Re: Index management

From: Richard Foote <richard.foote_at_tbigpond.nospam.com>
Date: Sat, 01 May 2004 14:18:29 GMT
Message-ID: <VkOkc.7206$TT.2330@news-server.bigpond.net.au>

"Noons" <wizofoz2k_at_yahoo.com.au> wrote in message news:40936644$0$12740$afc38c87_at_news.optusnet.com.au...
> "Richard Foote" <richard.foote_at_tbigpond.nospam.com> wrote in message
> news:yUIkc.6619$TT.2282_at_news-server.bigpond.net.au...
>
> After reading it, I've got a question for you if I may:
>
> Let's assume a situation where we have a root block, three branch blocks
> and a bucketload of leaf blocks, like in your slide #22.
> Assume as well that this index was created on a sequence-generated
> column (regular but not necessarily consecutive increase). As such in the
> pictorial representation the index leaf blocks would be organised left to
> right in increase value of the key.
>
> Now let's look at the physical (in the disk) distribution of this thing.
> Presumably the root block and the first branch and a few leaf blocks
> would be on consecutive blocks on the disk partition - assuming a raw
> disk, an "intelligent" file system might do other things...
> Followed by another branch block and more leaf blocks,then another branch
> block and more leaf blocks. Correct assumption?
>
> If so, then let's assume that later interspersed insertions of new keys
> cause the third block from the left to split. Like you say in your
slides,
> no problemo: the new block is allocated from index freelist, the initial
> block gets "emptied" 50% into the new one and we do not get an increase in
> index level. Fine and dandy.
>
> But now consider the physical distribution. Isn't that new block coming
> from the freelist? Which might be pointing to a first free block on "the
> other side of the disk", so to speak. This block will now LOGICALLY be
> between the original third and fourth leaf blocks, but physically very
> remote from these two original blocks.
>
> You know where I'm getting at now, don't you? If someone is now doing an
> index range scan - which for the sake of example will involve the third,
> new fourth and old fourth leaf blocks using the block-to-block link
> pointers, wouldn't it involve a heap of I/O wait while the arm got
> repositioned to get the new fourth block from "the other side of the
disk"?
>
> Wouldn't that be a case for an index rebuild, based purely on physical
> distribution rather than hazy "broken b-tree" concepts? What would be
> a way of finding out if this was indeed the case, apart from the obvious
> system I/O wait queue increasing in this device?
>

Hi Nuno

Just to add to Jonathan's comments. I think the issue you raise is not entirely dissimilar to the question of whether it's beneficial to have fewer, larger extents in a segment so that physically it might prove more efficient to read consecutive data blocks. The answer is almost certainly no for similar reasons.

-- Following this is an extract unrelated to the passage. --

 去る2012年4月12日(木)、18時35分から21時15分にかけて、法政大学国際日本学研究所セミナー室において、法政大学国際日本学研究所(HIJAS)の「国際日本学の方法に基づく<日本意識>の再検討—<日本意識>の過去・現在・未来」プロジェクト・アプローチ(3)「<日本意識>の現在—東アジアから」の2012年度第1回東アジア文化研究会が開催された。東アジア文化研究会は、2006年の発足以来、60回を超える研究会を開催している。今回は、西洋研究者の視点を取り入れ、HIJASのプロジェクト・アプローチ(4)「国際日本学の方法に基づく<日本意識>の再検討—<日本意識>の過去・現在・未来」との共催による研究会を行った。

Firstly, having consecutive blocks in an extent doesn't necessarily mean that they have to be consecutive on disk. There may be many reasons why this may not be the case.

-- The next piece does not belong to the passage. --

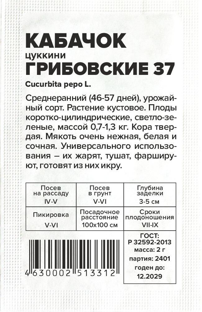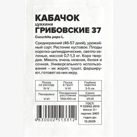 Среднеранний (46-57 дней), урожайный сорт. Растение кустовое. Плоды коротко-цилиндрические, светло-зеленые, массой 0,7-1,3 кг. Кора твердая. Мякоть очень нежная, белая и сочная. Универсального использования — их жарят, тушат, фаршируют, готовят из них икру. Кабачки очень хорошо усваиваются организмом, являются диетическим продуктом. Место посадки: легкие плодородные нейтральные почвы. Лучшими предшественниками являются крестоцветные (разные виды капусты), пасленовые Освещение: освещенные участки, хорошо переносят затенение Предпосевная подготовка: не требуется. Для улучшения всхожести выбирают семена возрастом 3-5 лет, замачивают в 1% растворе марганцовки на 15 минут Сроки посева: при прогревании почвы до 12-15°C. Растение не переносит заморозков Посев на рассаду: для получения ранней продукции кабачки сеют на рассаду поздней весной, за две-три недели до высадки. Посев в грунт: посев проводят, когда почва прогреется до 10-12°C (апрель-июнь). В лунку насыпают перегной, который немного присыпают землей, укладывают 2-3 семени и засыпают торфоземляной смесью. Схема посадки 100х100 см, глубина заделки семян 3-5 см. При раннем посеве в открытый грунт необходимо временное укрытие пленкой Пикировка/перевалка: рассаду закаливают, высадку проводят при среднесуточной температуре не ниже 15°C. Растения высаживают без повреждения земляного кома на высоту корневой шейки, без заглубления. Первые 3-5 дней притеняют Уход: для получения наиболее высокого урожая рекомендуется регулярно проводить рыхление почвы и умеренные поливы. В период цветения-налива плодов рекомендуется провести подкормку комплексными минеральными удобрениями. Не требует формировки Сбор урожая: проводится выборочно, по мере достижения плодами технической зрелости

However, assuming a raw device as you suggest, we next have the issue of what happens when Oracle performs an index range scan. When Oracle reads the leaf block, it then needs to read the corresponding data blocks in the corresponding table via the obtained rowids. Now there could very well be, and generally are, hundreds of index entries per leaf block, meaning we have to wait the relatively very very long time for all these LIOs to be completed before we're interested in moving onto the next leaf block. Remember, we read one leaf block, then read hundreds of table blocks, read the next leaf block, read hundreds of tables blocks, etc.

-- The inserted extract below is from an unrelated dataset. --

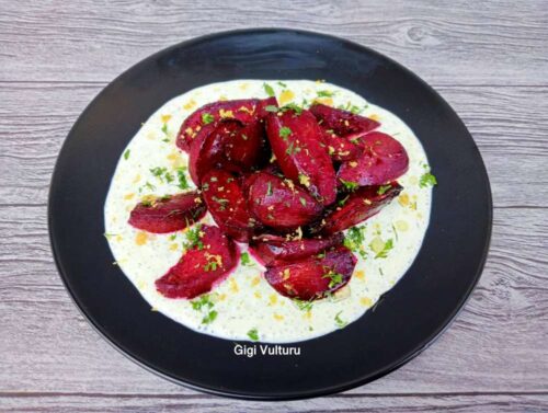 Sfecla rosie la cuptor cu iaurt aromat – este o reteta foarte usor de preparat, sanatoasa si aromata. Se poate servi ca aperitiv, garnitura sau fel principal. Este foarte bogata in vitamine si foarte gustoasa.

Now if the leaf blocks are likely to be physical I/Os (hence your concern), then there is a very very good chance that the corresponding reads to the table are also likely to be physical I/Os as indexes by nature of their size generally have a greater likelihood of having cached blocks than their generally larger tables. So it's likely then that we have to wait for a good proportion of hundreds of PIOs before we concern ourselves with the next leaf block. As I mention in my presentation, the clustering factor of the table has a big influence in how many PIOs might eventuate.

And this then brings us round to the third issue. Most databases are multi user environments and while we wait for the current index leaf block to be processed and for all the corresponding table blocks to be accessed, there is a very probable likelihood of other users or processes needing to perform some other PIO on the device. So while we wait for all this, some other bugger has requested read (or write) access somewhere else on the device, resulting in that good old, slow, mechanical arm being moved anyways from the ideal location we might like. Note this other bugger could very well be ourselves if we store index, or table, or rollback, etc. data on the same device.

This is "contention" is highly probable while processing one leaf block and waiting to move onto the next. The chances that an entire index range scan can be performed uninterrupted from contention on the device by any other processes is almost certain zero on any remotely multi-user environment. This is the key point. We are not the only user process on the database, nor the only process wanting to use that same physical device.

So although yes, index splits can indeed result in the physical result you describe, the chances that it will actually impede and adversely affect the performance of index range scans in any measurable manner in multi-user database environments are practically zero. Having all your index leaf blocks consecutively on disk will likely take exactly the same time to read compared with having an index with leaf blocks that are not so consecutive for this very reason.

Again, it would be an easyish thing to test. Rebuild such an index and see what effect it has on response times. My predication is that within the boundaries of index rebuilds as I describe in the white paper, the effect would be negligible.

Hope it makes sense.

Cheers

Richard Received on Sat May 01 2004 - 09:18:29 CDT